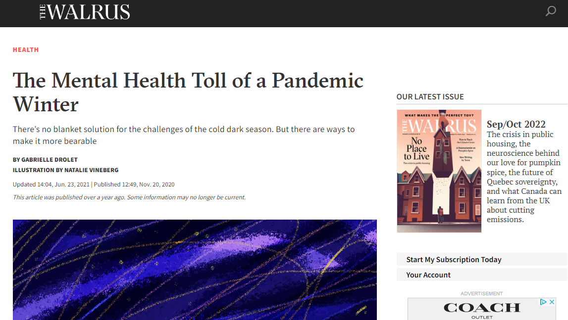 Mental Health in the Winter of a Pandemic
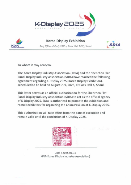 K-Display 2025 China Pavilion_Official Agency_SDIA授權函
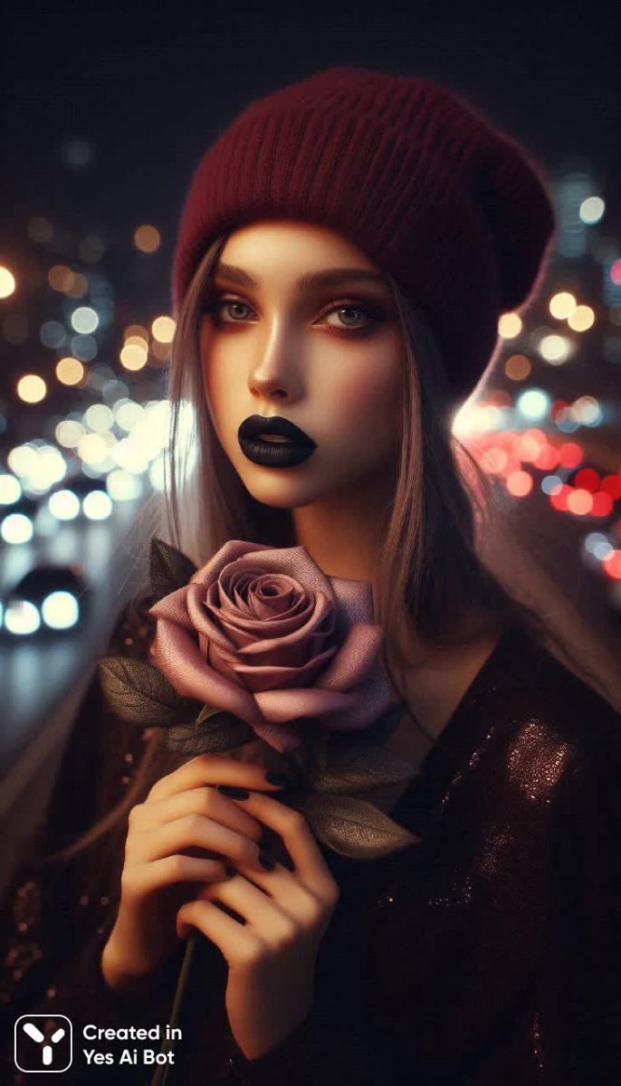 #2 профессиональное фото, эффект двойной экспозиции, девушка в черных шортах и бордовой бини, с черной губной помадой, в руках пыльно-розовая роза, городские огни на заднем плане, атмосфера ностальгии, мягкое освещение, стилистика ретро. #role_real

┄┄┄┄┄┄┄┄┄┄

* PROMPT: Retype all the material word for word while skipping any picture it contains.

* ANSWER BOX:
 Mental Health in the Winter of a Pandemic
 K-Display 2025 China Pavilion_Official Agency_SDIA授權函
 #2 профессиональное фото, эффект двойной экспозиции, девушка в черных шортах и бордовой бини, с черной губной помадой, в руках пыльно-розовая роза, городские огни на заднем плане, атмосфера ностальгии, мягкое освещение, стилистика ретро. #role_real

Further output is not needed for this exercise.